De grote kwestie is dus waar die vraag naar vorderingen vandaan komt. Waarom willen wij pakhuizen vol met appeltjes voor de dorst? Precies daarover spreek ik aanstaande maandag in Rotterdam op de Erasmus Universiteit. Johan Witteveen, oud-minister van financiën en voor-voorganger van Christine Lagarde als voorzitter van het IMF, heeft me gevraagd daarover een lezing te geven. De oorzaak ligt voor groot deel in de vergrijzing. Grote cohorten mensen geboren in de jaren zestig sparen zich een ongeluk voor hun pensioen, veelal via hun pensioenfonds. Het vermogen van pensioenfondsen is ondanks de crisis toegenomen van 110% van ons nationaal inkomen in 2007 naar 160% nu, een toename met 50% in minder dan een decennium.

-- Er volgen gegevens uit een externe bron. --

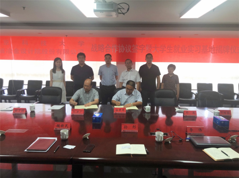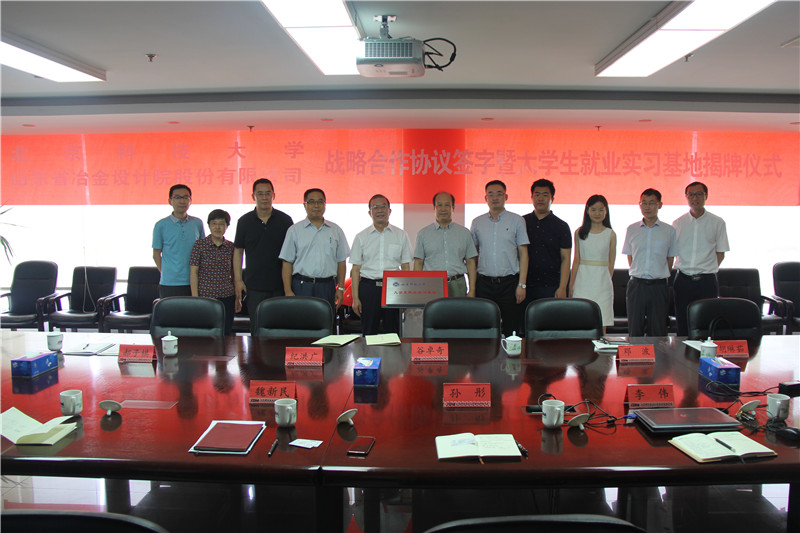 2019年7月23日,山冶設(shè)計與北京科技大學(xué)戰(zhàn)略合作框架協(xié)議簽字儀式暨北京科技大學(xué)大學(xué)生就業(yè)實習(xí)基地揭牌儀式在濟南舉行。北京科技大學(xué)土木與資源工程學(xué)院黨委書記紀洪廣,黨委副書記鄧波一行4人,公司董事長魏新民,黨委書記谷卓奇,副總經(jīng)理孫彤及相關(guān)科室人員出席了簽字儀式。

Is dat een probleem? Ja, er worden meer vorderingen aangehouden dan gezond is voor de economie, want tegenover iedere vordering staat een schuld. Waar halen we zoveel schuld vandaan? De WRR zou zich dus moeten afvragen of we de samenleving anders kunnen inrichten om de vorderingencrisis in te dammen. Daarvoor zijn een aantal mogelijkheden. Eén daarvan wordt ook door de WRR besproken, de boekhoudregels voor pensioenfondsen. De regels zijn er thans teveel op gericht risico te vermijden. Voor lange termijn beleggingen is dat een verkeerde richtsnoer. In een pakhuis vol appels is er altijd wel eentje rot. Wie bang is voor rotte appels, kan niet sparen voor de dorst. Veel belangrijker is echter de vraag of zoveel kapitaaldekking wel goed is voor onze pensioenen, of dat we meer op een omslagstelsel kunnen vertrouwen. Bij kapitaaldekking spaart iedereen voor zijn eigen pensioen. Daarom hebben wij zoveel behoefte aan vorderingen. In een omslagstelsel is dat niet nodig: de huidige pensioenpremies worden gebruikt voor de pensioenen van vandaag. Net zo worden de premies van morgen gebruikt voor de pensioenen van premiebetalers van vandaag. Dus zijn er minder vorderingen nodig en wordt de vorderingencrisis ingedamd. In het rapport van de WRR komt het woord “omslagstelsel” welgeteld één keer voor. Afgerond: 100 maal te weinig.

Download column

 

2 REACTIES

  1. Bas de Bakker - november 24, 2016 om 3:26 pm

    In deze en eerdere columns stelt u dat er teveel vraag naar vorderingen is. Logisch gevolg lijkt me dan dat de ECB die vraag niet nog verder moet vergroten door, zoals nu gebeurt, vorderingen op grote schaal op te kopen. Maar daarnaast verdedigt u het ECB beleid. Hoe is dat te rijmen?

    Beantwoorden
    • Coen Teulings - januari 15, 2017 om 11:46 am

      U werpt een zeer interessant punt op: er is teveel vraag naar vorderingen op lange termijn. Waarom moet de ECB dan de markt betreden met nog meer vraag naar vorderingen? Dat is een contra-intuïtieve reactie. De reden dat die reactie kan werken is echter dat de ECB daarmee het rendement op het aanhouden van lange vorderingen verlaagt en het daarmee minder aantrekkelijk maakt om lange vorderingen aan te houden. Wat de ECB in feite doet is looptijd transformatie: ze ruilt lange termijn vorderingen tegen korte termijn vorderingen en verlaagt daarmee het rendement op lange termijn vorderingen met als doel de huidige consumptie te stimuleren ten koste van de spaarbehoefte voor toekomstige consumptie. Normaal intervenieert de Centrale Bank alleen bij de korte rente om zo besparingen en investeringen vandaag in evenwicht te houden. De markt kan dan de termijnstructuur van de rente bepalen, wetende dat de Central Bank morgen opnieuw zal zorgdragen voor evenwicht op korte termijn markt, en overmorgen opnieuw. Het spaaroverschot is nu al een aantal jaren zo hoog dat alleen ingrijpen op de korte rente niet volstaat, dat is de essentie van de zero lower bound (de rente kan niet tot onder nul worden verlaagd). Dus geven de monetaire autoriteiten een signaal af dat ze de rente laag zullen houden zo lang als nodig is om het evenwicht op de kapitaalmarkt te herstellen.
      Zoals gezegd, dat kan werken. Echter, een hoger overheidstekort zou een veel effectiever instrument zijn om de kapitaalmarkt weer in evenwicht te krijgen. Ik denk dat we de grenzen van wat met het monetair beleid gerealiseerd kan worden inmiddels hebben bereikt.
      Met excuus voor mijn trage reactie.